3. 肩關節：對於肩關節軟組織的病變，尤其是rotator cuff破裂的診斷，過去常使用contrast arthrography，但是它並沒有辦法來區分全部或部分的破裂。MRI最近也被大量使用來診斷rotator cuff的病變，但是同樣對於全部或局部破裂的病患並沒有辦法有效的來加以判別。肩關節使用超音波來診斷，可能是骨肌肉系統中使用最早的一個部位。在7.5-mhz以上的高頻率探頭使用之下，我們對於每條rotator cuff都可以清楚地看到，包括脊上肌(supraspinatus)、脊下肌(infraspinatus)，肩下肌(subscapularis)，肱二頭肌的長頭(long head of biceps)等等。如果對於一個有經驗的檢查者來說，對於rotator cuff傷害的診斷，超音波的診斷率已經可以達到百分之九十以上，國內在這方面的起步也是最早，許多醫學中心的醫師已經累積了相當的經驗。
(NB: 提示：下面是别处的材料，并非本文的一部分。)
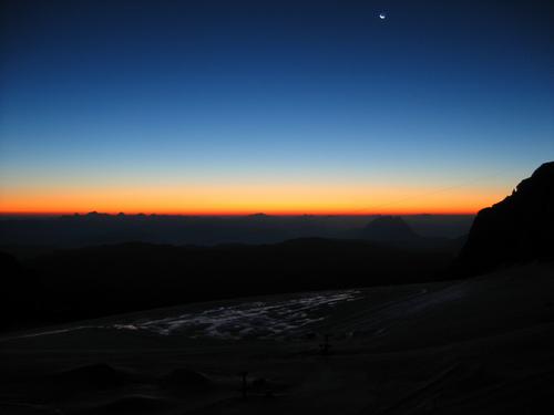 | Um 05:30 Uhr warten bereits Dutzende Frühaufsteher am Hunerkogel - die jüngsten erst wenige Wochen alt - in Erwartung eines traumhaften Sonnenaufganges. Vorne glänzt der Schladminger Gletscher im Dämmerungslicht. Am oberen Bildrand leuchtet die schmale Mondsichel. |
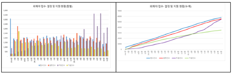 피해 주택 매입 실적 급증… 4분기 2,113호로 1분기 대비 10배↑특히 피해 주택 매입 실적은 올해 1분기 214호에서 4분기 2,113호로 10배 이상 증가하며 피해 복구에 속도가 붙었다. 국토교통부는 "긴급 경매·공매 유예 협조 요청(총 1,086건 누계)과 함께 주거·금융·법률 지원(총 54,760건 누계)"을 제공해 피해자의 실질적 회복을 돕고 있다고 설명했다.
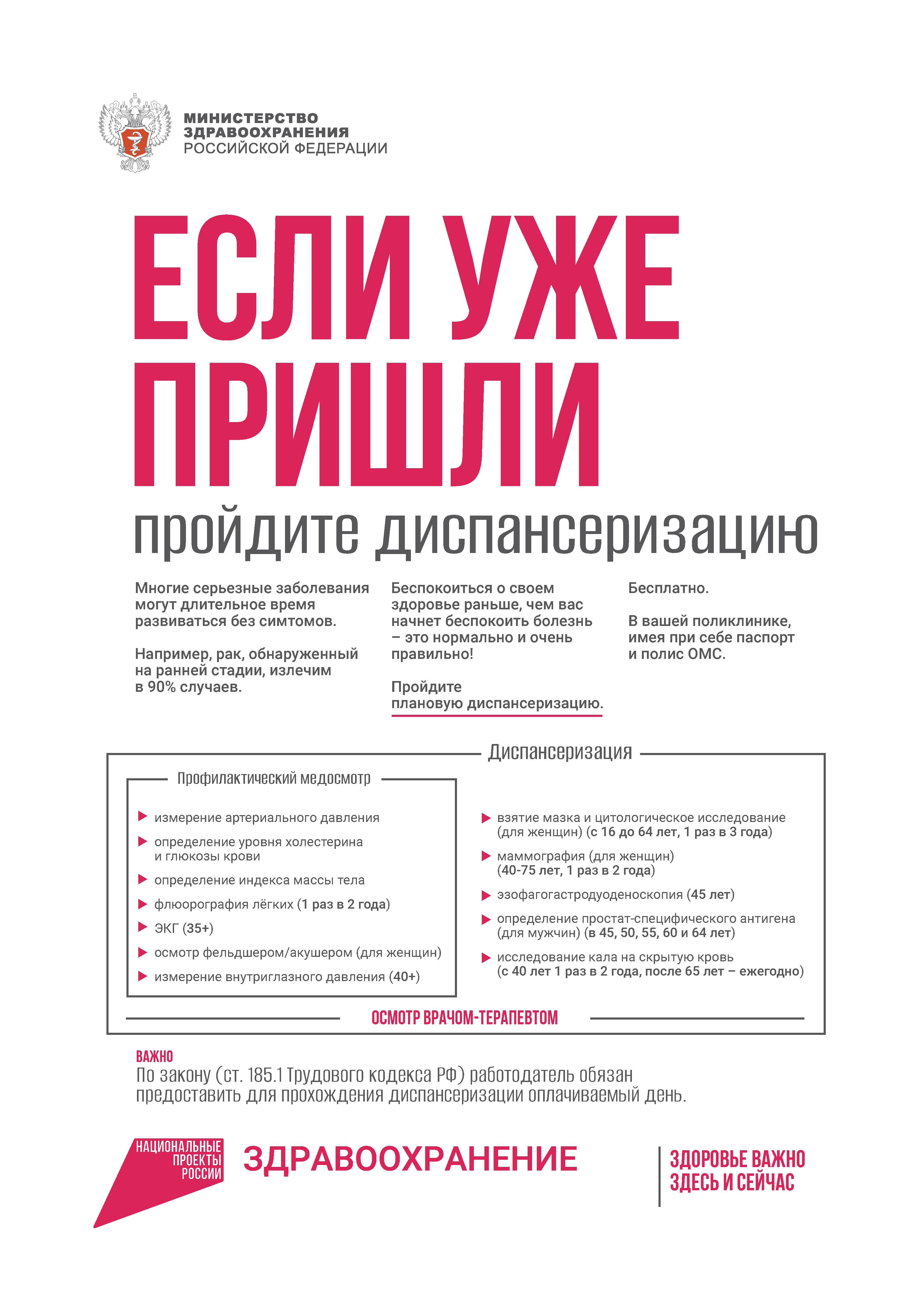 Для прохождения профилактического медицинского осмотра и диспансеризации определенных групп взрослого населения пациенту необходимо обратиться с полисом ОМС в поликлинику ГАУЗ "Черемшанская ЦРБ" к участковому врачу-терапевту (врачу общей практики):

4. 髖關節：超音波在髖關節疾病的診斷，主要是用在嬰兒期，尤其在嬰兒六個月以前，由於股骨頭部尚未鈣化，普通的X光無法顯示，對於一些先天性髖關節脫臼的病患，以往診斷上往往要做arthrography或者是MRI，前者具有侵入性而且必需接受輻射線的照射，而MRI的診斷則相當費時、費錢而且也不切實際。超音波在這方面的診斷提供了一個安全沒有輻射線，不痛迅速又正確的診斷。目前隨著診斷技術的進步，用power Doppler更可以正確的診斷出股骨頭部裏面血流的情形，可以幫助骨科醫師決定在做先天性髖關節脫臼(CDH or DDH)復位以後包石膏的角度，以免因為角度過大影響股骨頭部缺血性壞死(avascular necrosis)的產生。另外對於小孩子常見的髖關節積水症或是化膿症，也可以很正確的利用超音波來做一診斷的基礎，再加上超音波檢查的指引之下，可以簡單、迅速、正確的抽取到髖關節裏面的積水或化膿來做為診斷或治療的依據。
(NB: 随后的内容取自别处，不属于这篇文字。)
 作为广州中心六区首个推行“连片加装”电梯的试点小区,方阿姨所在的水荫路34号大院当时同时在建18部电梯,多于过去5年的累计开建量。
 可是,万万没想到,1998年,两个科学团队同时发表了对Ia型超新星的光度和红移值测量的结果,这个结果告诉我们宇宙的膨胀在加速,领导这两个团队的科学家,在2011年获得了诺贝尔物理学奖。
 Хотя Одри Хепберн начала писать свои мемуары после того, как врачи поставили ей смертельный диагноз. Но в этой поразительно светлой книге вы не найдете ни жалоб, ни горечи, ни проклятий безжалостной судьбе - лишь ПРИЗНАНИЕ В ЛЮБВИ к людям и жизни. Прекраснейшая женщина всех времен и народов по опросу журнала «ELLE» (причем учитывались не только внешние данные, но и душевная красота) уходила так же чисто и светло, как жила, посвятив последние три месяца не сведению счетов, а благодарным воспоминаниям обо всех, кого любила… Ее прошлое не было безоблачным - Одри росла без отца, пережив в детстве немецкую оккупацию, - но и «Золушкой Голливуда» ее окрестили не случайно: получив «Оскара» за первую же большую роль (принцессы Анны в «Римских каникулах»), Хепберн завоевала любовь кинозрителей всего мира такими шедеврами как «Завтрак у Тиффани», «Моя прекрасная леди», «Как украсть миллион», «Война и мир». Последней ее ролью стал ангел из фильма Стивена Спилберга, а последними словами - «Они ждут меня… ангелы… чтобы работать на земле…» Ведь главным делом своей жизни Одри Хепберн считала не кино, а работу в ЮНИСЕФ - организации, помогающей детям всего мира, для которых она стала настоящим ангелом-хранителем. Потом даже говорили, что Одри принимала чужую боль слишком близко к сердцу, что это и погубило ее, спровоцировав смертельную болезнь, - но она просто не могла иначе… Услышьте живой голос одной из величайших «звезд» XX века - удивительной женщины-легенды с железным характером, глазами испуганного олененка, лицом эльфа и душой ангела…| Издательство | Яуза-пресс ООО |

5. 膝關節：超音波用於膝關節的診斷，目前較確定的是關於滑膜囊炎(synovitis)，側韌帶(collateral ligament)的外傷和patellar tendon的診斷。目前也有人報告對於後十字韌帶的病變，超音波已經可以正確的診斷出來。而對於前十字韌帶或半月軟骨，目前還在發展的階段。

6. 足踝部：足踝部的超音波診斷，目前成績最好的是有關於脛後肌肌腱(posterior tibial tendon)方面的診斷。過去對於脛後肌肌腱時常除了臨床檢查斷之外，在影像學的檢查要靠tenography或者MRI。其實如果使用超音波來檢查，不僅迅速、便宜簡單，而且正確。肌腱的變化包括tenosyonvitis和完全斷裂，超音波都可以相當正確的診斷出來；另外，對於足踝扭傷，利用超音波我們也可以很直接的觀察到外側韌帶，包括anterior talofibular ligament和calcaneofibular ligament等的正確影像，作為直接診斷的基礎。
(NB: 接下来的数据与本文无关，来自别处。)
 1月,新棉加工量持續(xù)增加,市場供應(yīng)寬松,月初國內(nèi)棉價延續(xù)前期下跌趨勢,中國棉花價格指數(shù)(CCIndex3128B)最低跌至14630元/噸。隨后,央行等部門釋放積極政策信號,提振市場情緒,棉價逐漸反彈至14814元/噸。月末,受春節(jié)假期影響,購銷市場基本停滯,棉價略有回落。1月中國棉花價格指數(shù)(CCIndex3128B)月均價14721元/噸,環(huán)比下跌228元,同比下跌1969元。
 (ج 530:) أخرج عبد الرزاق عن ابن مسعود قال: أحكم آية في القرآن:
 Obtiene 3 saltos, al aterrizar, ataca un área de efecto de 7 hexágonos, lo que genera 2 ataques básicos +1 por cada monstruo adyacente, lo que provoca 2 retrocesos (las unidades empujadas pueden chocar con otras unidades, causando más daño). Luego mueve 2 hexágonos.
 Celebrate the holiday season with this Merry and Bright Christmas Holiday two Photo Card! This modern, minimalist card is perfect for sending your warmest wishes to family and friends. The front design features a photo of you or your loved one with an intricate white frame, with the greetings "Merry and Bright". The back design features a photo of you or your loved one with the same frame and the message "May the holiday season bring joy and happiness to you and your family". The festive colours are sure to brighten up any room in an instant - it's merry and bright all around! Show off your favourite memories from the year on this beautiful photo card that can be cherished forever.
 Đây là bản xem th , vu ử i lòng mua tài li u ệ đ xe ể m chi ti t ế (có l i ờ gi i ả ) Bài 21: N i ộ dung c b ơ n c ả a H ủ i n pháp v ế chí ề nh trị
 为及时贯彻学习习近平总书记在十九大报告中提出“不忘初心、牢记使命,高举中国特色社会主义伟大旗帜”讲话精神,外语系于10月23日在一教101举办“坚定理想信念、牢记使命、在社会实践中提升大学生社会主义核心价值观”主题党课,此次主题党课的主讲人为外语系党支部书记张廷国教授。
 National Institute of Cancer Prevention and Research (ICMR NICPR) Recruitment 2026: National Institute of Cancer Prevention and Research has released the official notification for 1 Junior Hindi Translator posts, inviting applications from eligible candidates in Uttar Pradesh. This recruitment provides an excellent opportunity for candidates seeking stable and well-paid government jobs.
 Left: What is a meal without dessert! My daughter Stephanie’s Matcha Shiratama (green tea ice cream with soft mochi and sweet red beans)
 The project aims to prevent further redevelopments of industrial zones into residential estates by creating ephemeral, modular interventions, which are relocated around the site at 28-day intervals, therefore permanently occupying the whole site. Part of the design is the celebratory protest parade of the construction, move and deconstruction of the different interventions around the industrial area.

7. 其他：對於血管或神經的病變，目前超音波也有不錯的成績。比如carpal tunnel syndrome的診斷，利用超音波也可以相當正確的診斷出來。血管方面的檢查，尤其在color Doppler的問世以來，幾乎可以做得跟angiography一樣，而且它不俱有侵入性。目前由於power Doppler image的發展，使得低流速的血管亦具良好的顯像，在軟組織有關perfusion方面的量測變得更為精準與明確。

總結來說，超音波具有相當多的好處：1.它不具有輻射性，不必擔心病人重覆檢查會受到輻射性的傷害。2.它不具有侵入性，檢查的時候病人不會痛苦。3.它比較迅速、方便，不必等候時間。4.它比較便宜，不像MRI那麼昂貴。5.它可以幫助我們在超音波探頭的指引之下，受一些液體的抽取或是細胞學方面的抽取，以供診斷之用。6.可以隨著操作者的操作，可以將神經、血管、肌腱等，長形構造的組織做一縱向的影像追蹤，不像MRI通常只是片斷的切出我們所要看到的影像。綜合以上這些好處，超音波在骨骼肌肉系統的應用，對於骨科、復健科或是神經科醫師來說，都很有診斷上幫忙的價值。尤其隨著時代的進步，硬體不斷的改良，我們也相信在不久的將來，超音波一定會有更好的貢獻提供大家診影像上一個相當好的診斷幫忙。